Some Recently Read Material

Thursday, February 14, 2008

Muni Crisis

We have a G** D*** crisis in the debt markets. Nothing short. If local and state governments cannot raise money and or refinance existing debt you better watch out. This is a serious mess that has the potential to make the mortgage "crisis" look like child's play. Just read this blurb on FT.com at this link.

Jeffrey Rosenberg, head of credit strategy at Banc of America Securities said: ”Failures in the auction rate securities market accelerated – on Wednesday – with an estimated 80 per cent of all auctions failing.”

He said: “With a total size of $330bn and roughly half of that held by individuals, a significant, albeit likely short lived liquidity crunch is again emanating out of the credit markets.”
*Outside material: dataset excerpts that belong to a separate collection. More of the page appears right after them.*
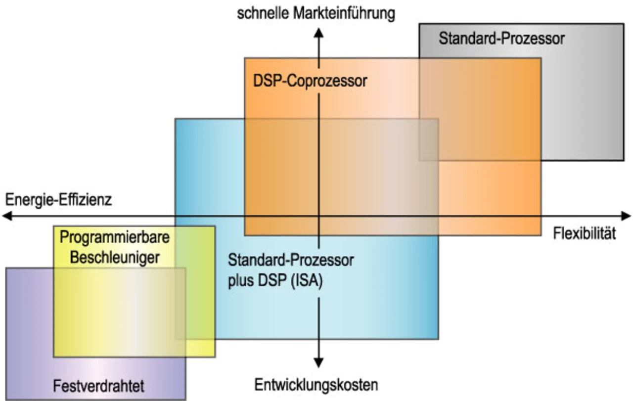 Ein Standard-Prozessor plus DSP Instruction Set Architecture (ISA) liefert moderate Verbesserungen, leidet aber unter Leistungsmangel und fehlender Flexibilität – Beispiel: Intel PXA255/26x.
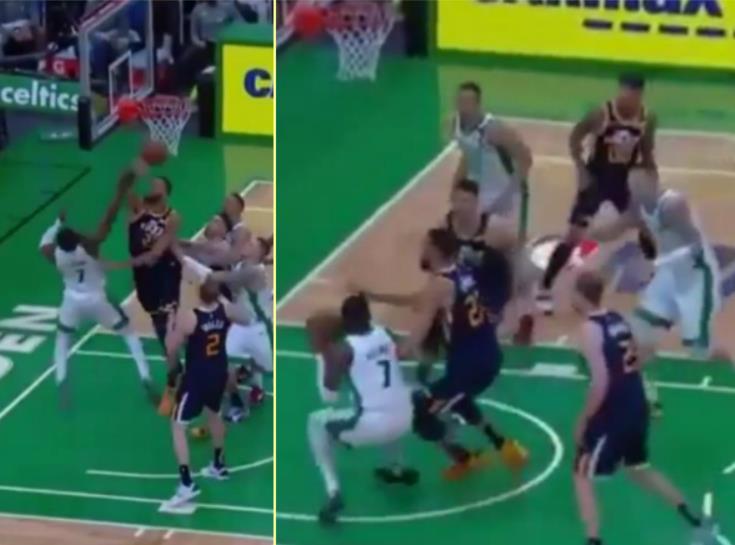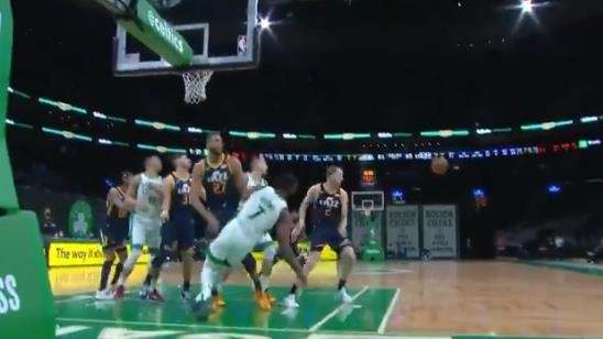 3月17日訊 塞爾提克vs爵士,在一次進攻中Jaylen Brown遭到Rudy Gobert血帽。
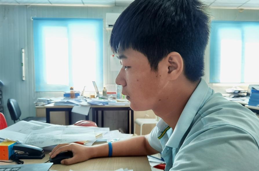 12月15日,在馬爾代夫馬累,一名臉上有口罩印的技術人員在維拉納國際機場水飛航站樓項目辦公室工作。新華社發(fā)(北京城建集團供圖)
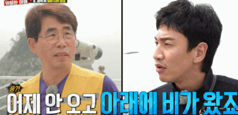 이광수가 어제 비 왔냐고 물어보면서 나온 대화
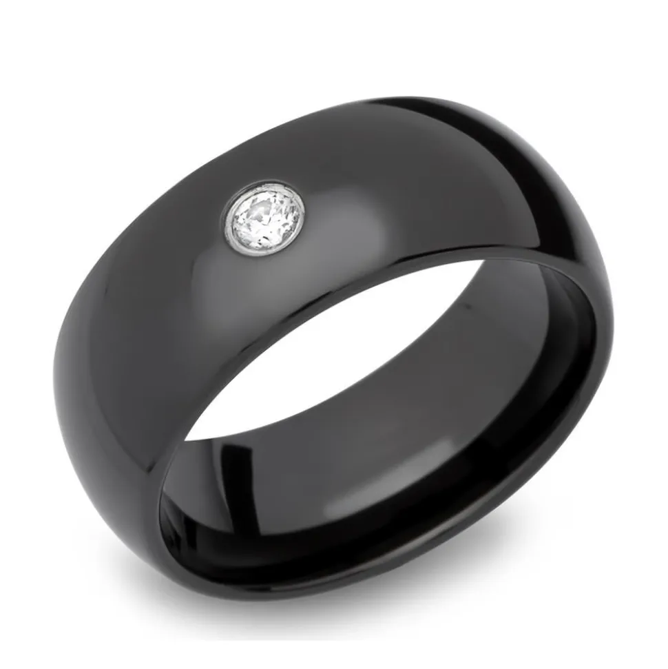 Hochwertiger Ring aus Wolfram in schwarzer Farbe. Der Ring besitzt zudem eine polierte Oberfläche, er ist 8mm breit. Der Ring ist mit einem glänzenden Zirkonia besetzt. Der Ring ist bombiert (von Innen abgerundet) und daher angenehm zu tragen. Der Ring kann per Laser auf seiner Innenseite sowie Außenseite graviert werden.
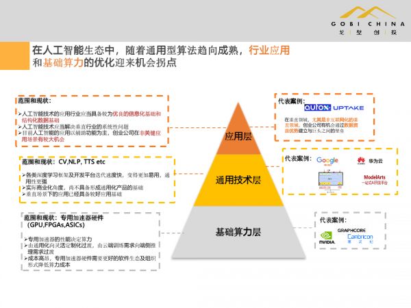 从投资人的角度,我们现在这样看待整体的架构,在人工智能领域里面,把它分成主要的三大层,从下往上分别是基础算力层、通用技术层和应用层。每一个领域其实都有非常多的投资机会和投资机遇。
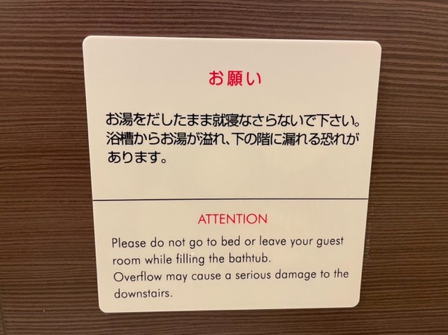 広々とした部屋。バスルームに大事なお願いが貼ってある。
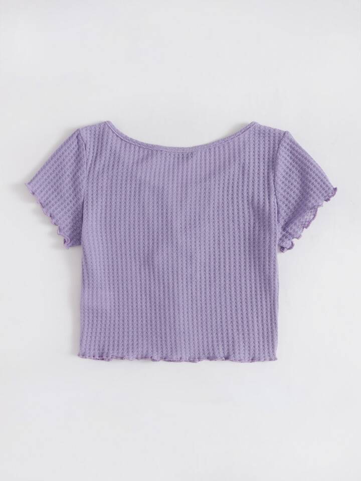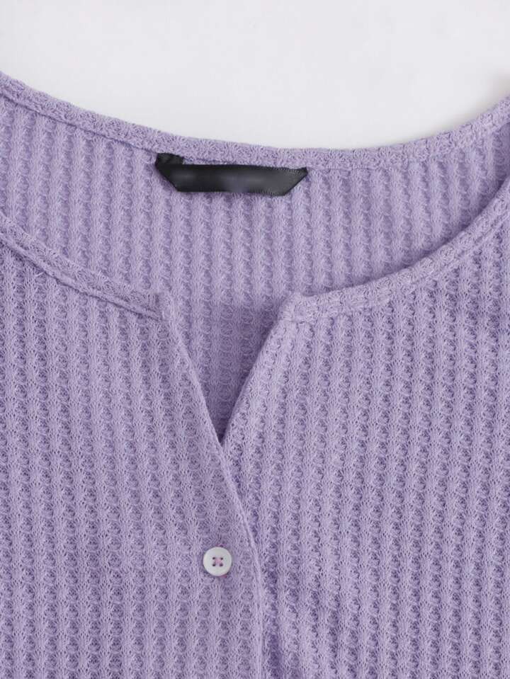 Lettuce Edge Button Front Waffle Knit Tee
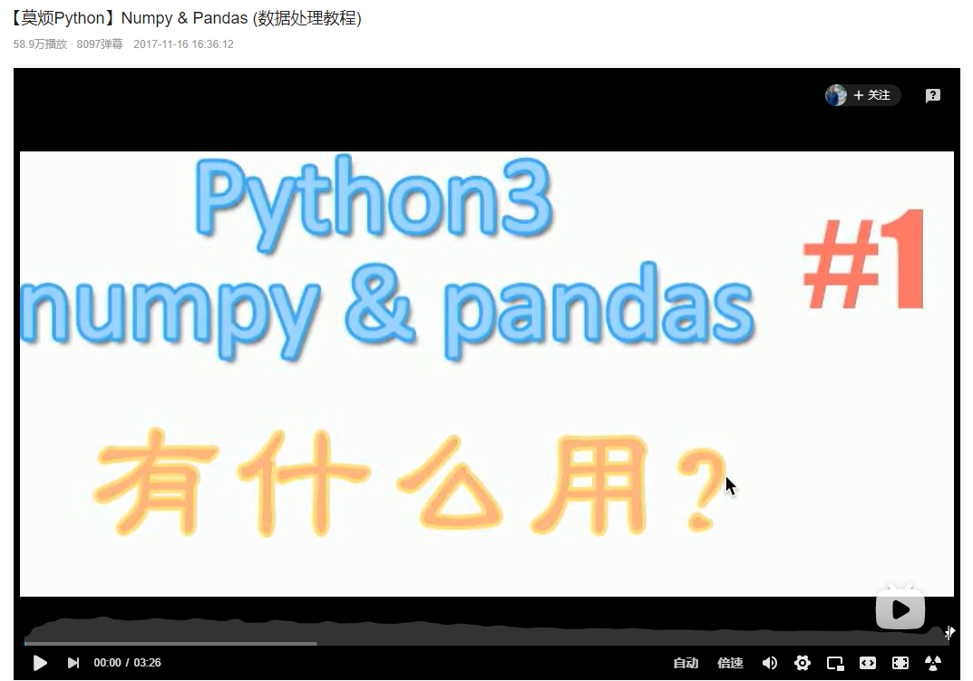 UP主莫烦,课程就是将Numpy和pandas如何进行数据处理的,简单粗暴,感兴趣直接跟着学就完了。另外,他的专栏还有很多系列也可以学习。
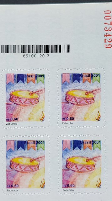 Selo Regular RHM 810 Instrumento Musical Zabumba 2001 Quadra Vinheta Correios
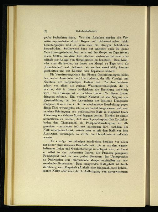 grube beobachten kann. Von den Anhöhen werden die Verwitterungsprodukte durch Regen und. Schneeschmelze leicht heruntergespült und es kann sich ein strenger Lehmboden herausbilden. Stellenweise kann auf Anhöhen auch die ganze Verwitterungsrinde entfernt sein und der Mergel zu Tage treten; solche Stellen, wo dann kein Abraum vorhanden ist, sind vorteilhaft zur Anlage von Mergelgruben zu benutzen. Dem Landwirt sind die Stellen, an denen der Mergel zu Tage tritt, als „Brandstellen“ wohl bekannt; sie werden zweckmäßig herausgeschnitten und mit Luzerne oder Esparsette bestellt.
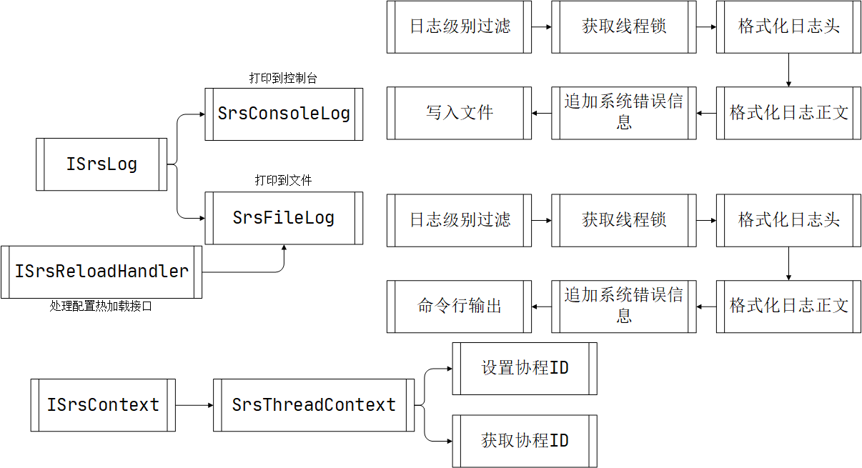SRS支持打印到console和file;支持设置level,支持连接级别的日志,支持可追溯日志;基类日志系统中定义了两个虚基类ISrsLog 和 ISrsContext,系统内的业务逻辑都是基于这两个接口实现的。
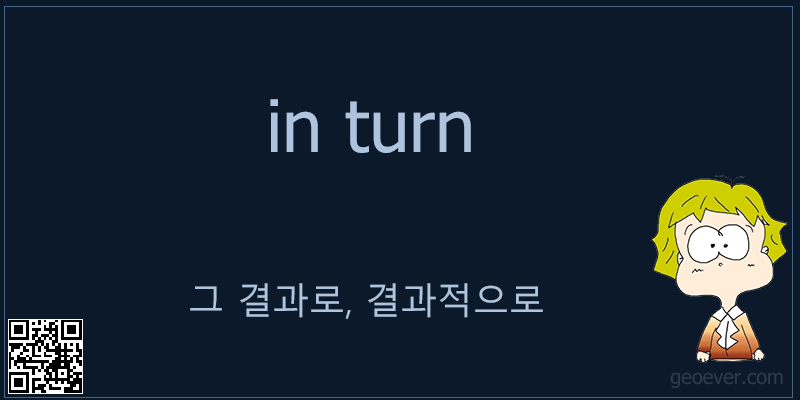 In turn은 원래 '차례대로'라는 뜻으로 사용되었다(예: It's your turn.처럼 turn이 '차례'를 의미하는 경우). 하지만 시간이 지나면서 인과 관계를 설명할 때 ‘그 결과로’, ‘결과적으로’의 의미로 확장되어, 글쓰기나 논리 전개에서 두 사건의 연결을 자연스럽게 해주는 표현으로 자주 쓰이게 되었다.
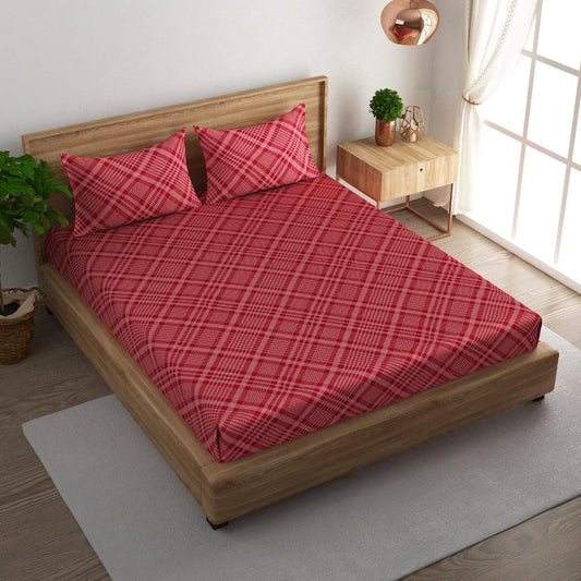 Tartan 108x108 inches Cotton Bedsheet with 2 pillow cover

”This is not a credit issue, but one of liquidity,” said Alex Roever, fixed income strategist at JPMorgan. ”Dealers hold more paper than they wish and there is a limit to how much they can hold. The investor base has backed away and in the absence of that support these auctions can not clear.”

”The auction rate securities market is unwinding and most of the market will enter a failed state. The lack of confidence is the contributing factor and there is a risk this type of structure will go away.”

Tuesday, February 05, 2008

The Skinny on Credit Default Swaps

I have been following this issue for some time and found a good summary in the FT for those of you interested in seeing what the hell I have been talking about:

The article is here:

Insight: CDS market may create added risks

By Satayjit Das

Published: February 5 2008 15:31 | Last updated: February 5 2008 15:31

In May 2006, Alan Greenspan, the former Federal Reserve chairman, noted: “The credit default swap is probably the most important instrument in finance. … What CDS did is lay-off all the risk of highly leveraged institutions – and that’s what banks are, highly leveraged – on stable American and international institutions.”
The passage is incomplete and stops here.